INFORMATION PROVIDED:
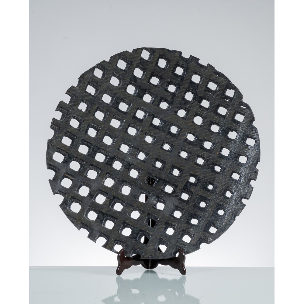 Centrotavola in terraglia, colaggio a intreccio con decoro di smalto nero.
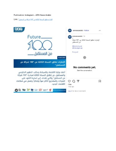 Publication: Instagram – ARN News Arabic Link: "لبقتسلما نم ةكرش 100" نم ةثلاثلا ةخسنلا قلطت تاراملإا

...

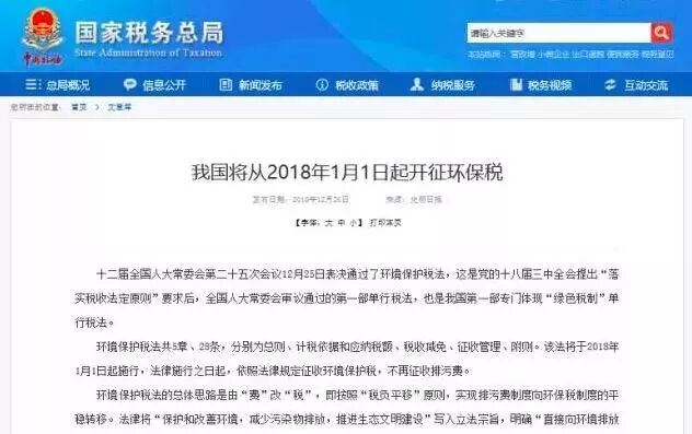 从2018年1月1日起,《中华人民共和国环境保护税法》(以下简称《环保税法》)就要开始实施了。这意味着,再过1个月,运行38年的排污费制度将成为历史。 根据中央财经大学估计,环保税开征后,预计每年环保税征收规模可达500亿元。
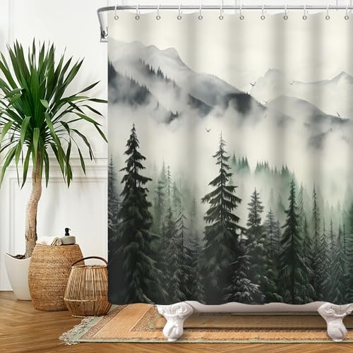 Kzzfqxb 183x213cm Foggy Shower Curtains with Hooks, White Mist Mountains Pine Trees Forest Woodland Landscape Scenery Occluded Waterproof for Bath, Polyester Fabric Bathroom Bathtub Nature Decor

TASK: Output only the lines above from the one containing "从2018年1月1日起,《中" to the one containing "Kzzfqxb 183x213cm Foggy", both included, exactly as written and with no pictures.

EXERCISE OUTPUT:
 从2018年1月1日起,《中华人民共和国环境保护税法》(以下简称《环保税法》)就要开始实施了。这意味着,再过1个月,运行38年的排污费制度将成为历史。 根据中央财经大学估计,环保税开征后,预计每年环保税征收规模可达500亿元。
 Kzzfqxb 183x213cm Foggy Shower Curtains with Hooks, White Mist Mountains Pine Trees Forest Woodland Landscape Scenery Occluded Waterproof for Bath, Polyester Fabric Bathroom Bathtub Nature Decor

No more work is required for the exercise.